The examples are Spark applications of increasing complexity:

debug.py prints debugging information about the runtime to the cluster logs.
pi.py estimates pi and saves a simple data frame to --output e.g. to a AWS S3 bucket.

Running the examples

Running the examples locally

All of the applications can be ran locally for trying them out:

pip install -r requirements.txt
python debug.py

Running the examples on Valohai

To run the examples on Valohai requires little AWS setup.

First, create AWS IAM user (with AWS_SECRET_ACCESS_KEY and AWS_ACCESS_KEY_ID) containing the following permissions, but be sure to edit the Resource scoping for your use-case.

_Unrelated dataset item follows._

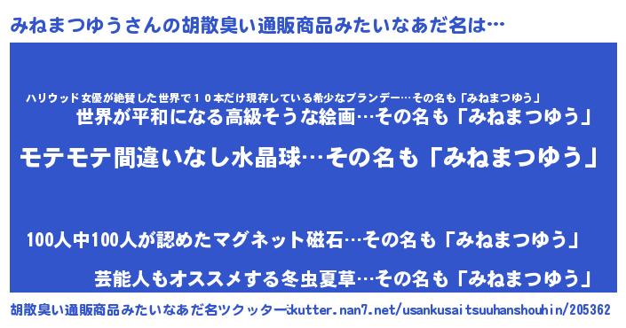 みねまつゆうさんの胡散臭い通販商品みたいなあだ名をツクッター!
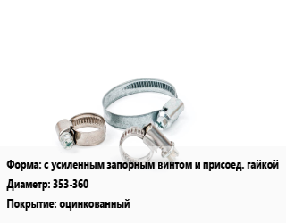 Хомут с усиленным запорным винтом и присоед. гайкой D=353-360 оцинкованный, упаковка цена от 219.5 ₽ / шт, где купить, условия доставки в Новосибирске и Новосибирской области

arn:aws:iam::*:role/EMR_* matches to the default AWS EMR roles created by aws emr create-default-roles command. Edit this resource scope if your clusters are using non-default AWS IAM roles.
arn:aws:s3:::valohai-emr-* is the payload bucket that is used for both cluster logs and transferring the Spark application to the cluster. Using the wildcard is common, then you can specify e.g. valohai-emr-<company-name> in your executions. If the bucket does not exist, we will create it. Note that this is not the actual buckets hosting processed datasets, those should be accessible by the above EMR_ roles assigned to the cluster.

{
    "Version": "2012-10-17",
    "Statement": [
        {
            "Effect": "Allow",
            "Action": [
                "elasticmapreduce:DescribeStep",
                "elasticmapreduce:ListSteps",
                "elasticmapreduce:ListClusters",
                "elasticmapreduce:AddJobFlowSteps",
                "elasticmapreduce:DescribeCluster",
                "elasticmapreduce:RunJobFlow",
                "elasticmapreduce:TerminateJobFlows",
                "elasticmapreduce:CancelSteps"
            ],
            "Resource": "*"
        },
        {
            "Effect": "Allow",
            "Action": [
                "iam:GetRole",
                "iam:PassRole"
            ],
            "Resource": [
                "arn:aws:iam::*:role/EMR_*"
            ]
        },
        {
            "Effect": "Allow",
            "Action": [
                "s3:CreateBucket",
                "s3:PutBucketPublicAccessBlock",
                "s3:ListBucket",
                "s3:PutObject",
                "s3:GetObject"
            ],
            "Resource": [
                "arn:aws:s3:::valohai-emr-*",
                "arn:aws:s3:::valohai-emr-*/*"
            ]
        }
    ]
}

After that is done, make sure to record AWS_ACCESS_KEY_ID and AWS_SECRET_ACCESS_KEY for later.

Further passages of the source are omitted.